You may conclude that the worst that can happen isn't all that bad. In fact, the situation at hand may give you the strength you need to power through your feelings and do what's scaring you. The more often you face your fears, the more power you may have over those fears.
2. Talk to someone
If you start to feel anxious, you might benefit from talking about it with someone you trust. Talking to someone else can help in many ways. Saying what you're worried about out loud can relieve some of your feelings, and communicating with someone else can help you get a different perspective on things. You might join a support group relevant to your particular challenges or talk to a mental health provider in addition to friends or family.
3. Assess your options
If you've determined that the worst that can happen is actually quite bad, you might ask yourself what you can do right now to improve things.
When things feel difficult, it can be easy to focus on how things may go south in the future. This can distract us from actions that we could be taking in the present moment to fix the situation. It can be helpful to focus on what you can do right now instead of how things might play out later. You may be able to find a solution to your problem or at least a way to make the worst-case scenario not so bad.
4. Breathe
When we are in a stressful situation, our breath tends to become rapid and shallow. This usually isn't the most effective way to breathe because it may not allow your brain to oxygenate properly. When you feel like you’re unable to control your breath, even if you actually can, you may experience a panic attack.
Still, we can control our breathing, and it can be very calming. When you are worried, your autonomic nervous system typically ramps up your breathing. You can counter this by breathing deeply and returning to the present moment.
5. Take notice of your feelings
If you are having a panic attack, try to notice how you feel mentally and physically. Panic attacks can be scary, but most of the time, they aren't actually dangerous. Knowing what a panic attack feels like for you and what to watch out for may help you better handle the next one. You can also gradually increase awareness of anxiety triggers and unhelpful thoughts, steering them toward positive ones to potentially stop a panic attack in its tracks.
6. Monitor your thoughts
7. Practice mindfulness
Mindfulness is generally about understanding how your mind works and keeping focused on the present rather than worrying about things that have already happened or may never happen.

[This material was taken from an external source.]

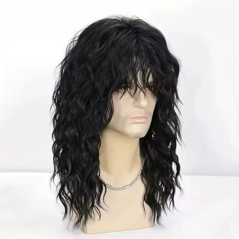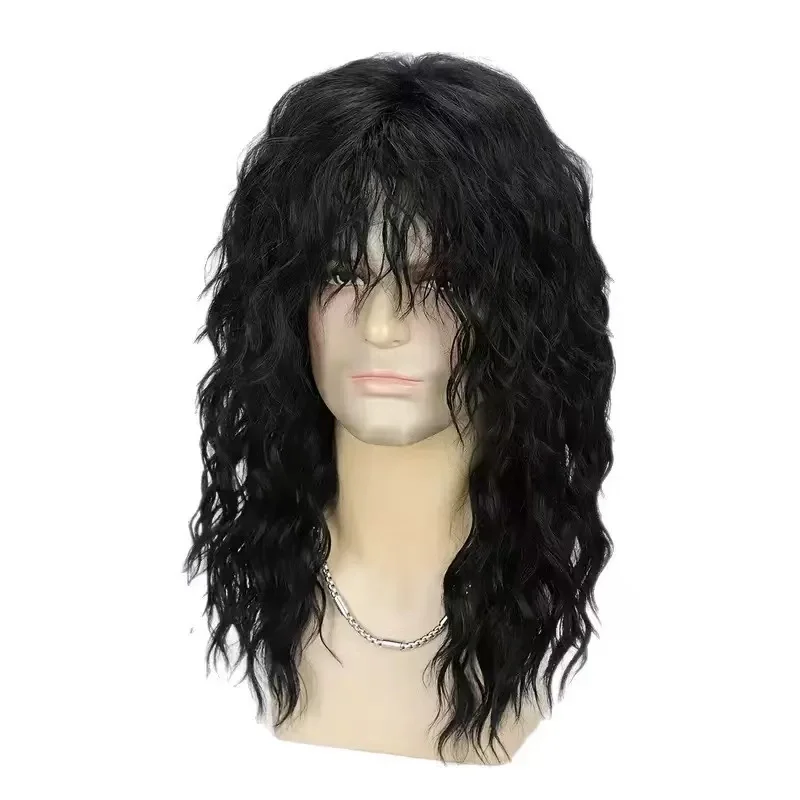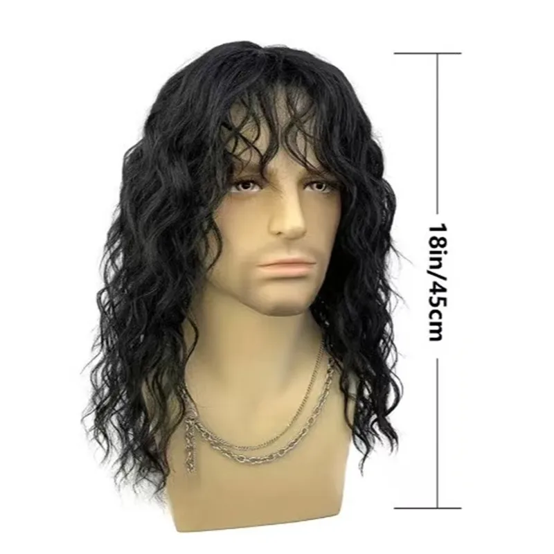 ↑18 Inch Synthetic Rock Wig Men/Women Black White Bangs Long Wavy Curly Wig Party or Halloween Wig - TopDealBox

One of the main tools of mindfulness is meditation. Mindfulness meditation usually consists of trying to think of nothing by focusing on your breath. When a thought distracts you, you might take notice of it and then return to focusing on your breath. This can help you learn to notice your thoughts so that you can correct negative thinking before it causes or contributes to anxiety in the first place. You can also engage in mindfulness by fully being present in a particular moment, such as watching the sunset, focusing on a specific exercise routine, feeling the breeze on your skin, or taking in how your food tastes and smells.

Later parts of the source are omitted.